Are there uncountably many cube-free infinite binary words?

There are uncountably many cube-free infinite words. Indeed, consider any cube-free infinite word in 2 letters $a$ and $b$ (say, the Thue-Morse word). This word contains infinitely many occurrences of $a $. Replace some occurrences of $a$ by $a'$ and some occurrences of $a$ by $a''$. You get a new infinite word in $a',a'',b$ which is also cube-free (but in 3 letters), a continuum of them. One can then use a substitution from a 3-letter alphabet to a 2-letter alphabet that preserves cube-freeness (see Bean, Dwight R.; Ehrenfeucht, Andrzej; McNulty, George F.Avoidable patterns in strings of symbols.

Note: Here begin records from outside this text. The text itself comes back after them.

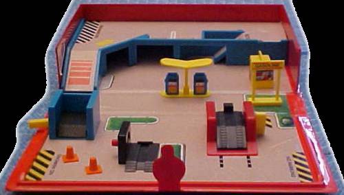 Some of these were among the first playsets for the Micro Machines cars. They folded up to make them portable. The velcro latches that hold them close are seldom found intact on these as they usually ripped off of the case or the velcro is gone.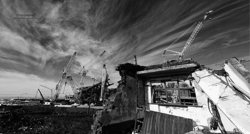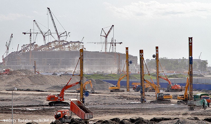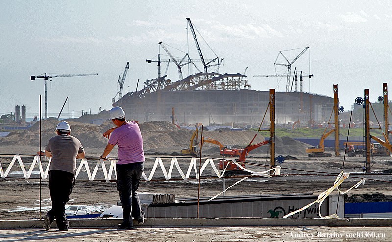 Одна из повседневных картинок стройки Олимпийского парка в Сочи.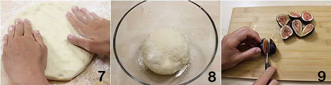 Now transfer the dough onto a floured work surface and continue kneading with your hands for another 5 minutes 7. When you have obtained a sufficiently compact and elastic dough, form a ball and place it in a floured bowl, covered with plastic wrap 8. Put the bowl in the closed and turned-off oven, where you will let it rise for at least 2 hours. After the necessary time, wash the figs well and cut them into quarters, keeping the skin on 9,

Pacific J. Math. 85 (1979), no. 2, 261–294) to obtain a continuum of cube-free words in 2 letters.

Denote by $\mu$ the mapping from the Thue-Morse sequence, $\mu(0)=01$ and $\mu(1)=10$. Now define a sequence of maps from binary words to binary words, $g$, so that $g_{\emptyset}(w)=w$, $g_{0b}(w)=\mu^2(g_{b}(w))$ and $g_{1b}(w)=0\mu^2(g_{b}(w))$. Now given an infinite binary sequence $B=b_1b_2\dots$ define $w_{B}$ to be the limit of $$g_{b_1}(w),g_{b_1b_2}(w),g_{b_1b_2b_3}(w),\dots$$ The $w_B$ give you uncountably many $7/3$-power free words (so in particular, cube free) which moreover have infinitely many overlaps.

This stronger result is proved here. I believe all known constructions of large families of such sequences are defined by iterative mappings.

One can also consider the following. Let x be the Thue Morse sequence. Let X be the closure of the set of shifts of sequences i.e. sequences obtained by deleting the first few letters. This set is perfect. Hence X is uncountable. Also every element of X is cube free.
The only thing to check here is that X is perfect. For this it is sufficient to check that x is a limit point. One can do this by using the fact that x is generated by the sequence $0 \rightarrow 01$ and $1 \rightarrow 10$. The topology on $\{0,1\}^{\mathbb N}$ is the product of the discrete topology on $\{0,1\}$ .